TASK BRIEF - Each line below should be repeated exactly as written, with no pictures carried over.

TASK MATERIAL -
=-=-=

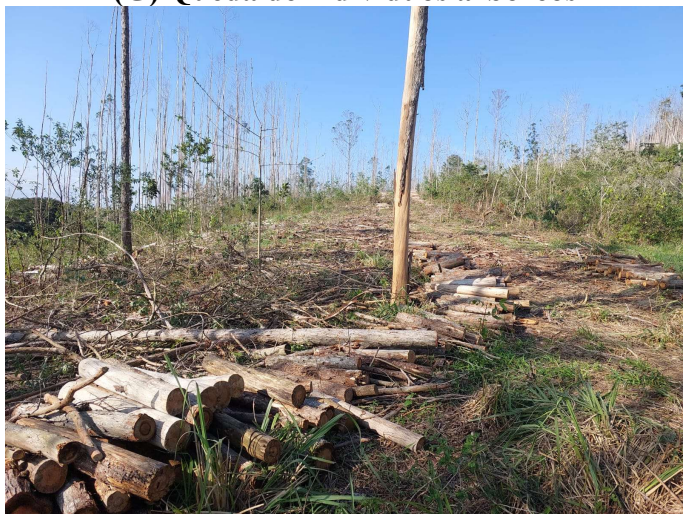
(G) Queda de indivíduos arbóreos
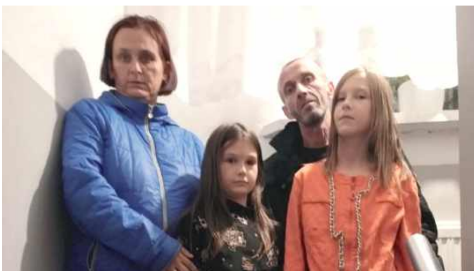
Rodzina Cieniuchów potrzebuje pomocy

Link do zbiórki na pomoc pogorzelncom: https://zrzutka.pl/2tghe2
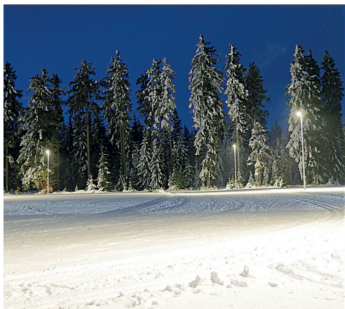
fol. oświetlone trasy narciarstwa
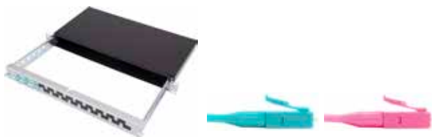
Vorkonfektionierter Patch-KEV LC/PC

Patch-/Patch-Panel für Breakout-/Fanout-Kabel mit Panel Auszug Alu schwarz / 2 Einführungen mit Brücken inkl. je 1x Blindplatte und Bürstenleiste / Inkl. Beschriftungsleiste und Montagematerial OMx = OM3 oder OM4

=-=-=

SOLUTION FOR THIS PROBLEM -
(G) Queda de indivíduos arbóreos
Rodzina Cieniuchów potrzebuje pomocy

Link do zbiórki na pomoc pogorzelncom: https://zrzutka.pl/2tghe2
fol. oświetlone trasy narciarstwa
Vorkonfektionierter Patch-KEV LC/PC

Patch-/Patch-Panel für Breakout-/Fanout-Kabel mit Panel Auszug Alu schwarz / 2 Einführungen mit Brücken inkl. je 1x Blindplatte und Bürstenleiste / Inkl. Beschriftungsleiste und Montagematerial OMx = OM3 oder OM4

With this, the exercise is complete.